# Fläche invertiert füllen



## filth (10. Feb 2011)

Hallo,

ich habe ein Rechteck A. In diesem Rechteck befindet sich ein weiteres, kleineres Rechteck B. 
Rechteck A soll nun komplett mit einer Farbe gefüllt werden, wobei die Fläche von Rechteck B nicht gefüllt werden soll.

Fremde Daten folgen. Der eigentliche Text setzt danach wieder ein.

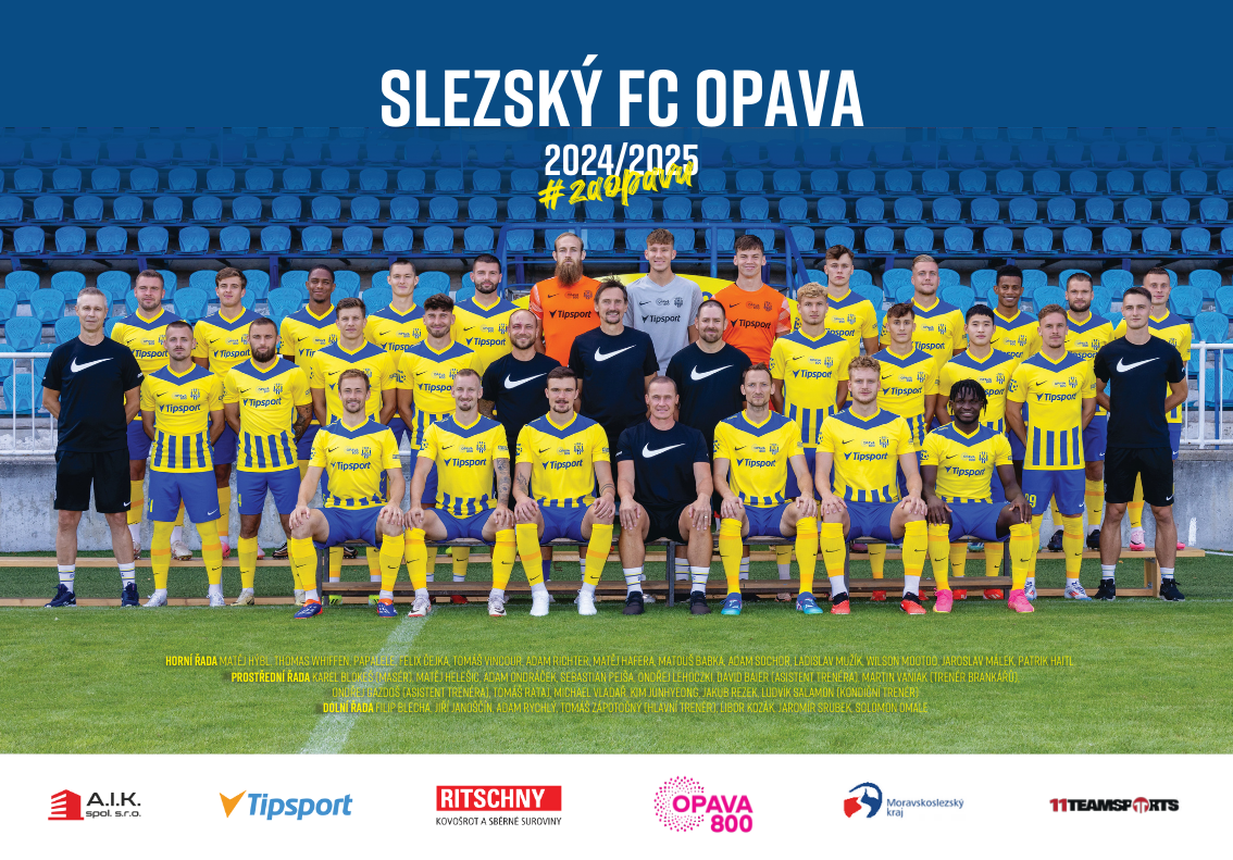 Plakát A-týmu včetně realizačního týmu Slezského FC pro sezonu 2024/2025.

Die Koordinaten von B kenne ich - ich würde das jetzt so machen, dass ich drumherum 4 Rechtecke zeichne, um die restliche Fläche zu füllen. Geht es evtl einfacher?

Danke!


----------



## Marco13 (10. Feb 2011)

Wenn es nur darum geht, dass das innere Rechteck eine andere Farbe haben soll: Einfach drüberpinseln. Kaum etwas geht schneller, als ein einfarbiges Rechteck zu zeichnen. Wenn dort der Hintergrund erhalten bleiben soll: Du könntest ein Shape (d.h. einen Path2D) verwenden. Die können Löcher haben. Für diesen einfachen Fall könnte man ihn noch "per Hand" malen. Etwas weniger effizient, aber viel einfacher und flexibler wäre, die beiden Rectangles in Areas zu verwandeln, und dann mit Area (Java Platform SE 6) das innere vom äußeren abzuziehen.


----------



## Michael... (10. Feb 2011)

Für Füll und Überlappungseffekte kann man auch AlphaComposites verwenden.
Hat den Vorteil, dass man sich nicht mit komplexen Figuren rumschlagen muss.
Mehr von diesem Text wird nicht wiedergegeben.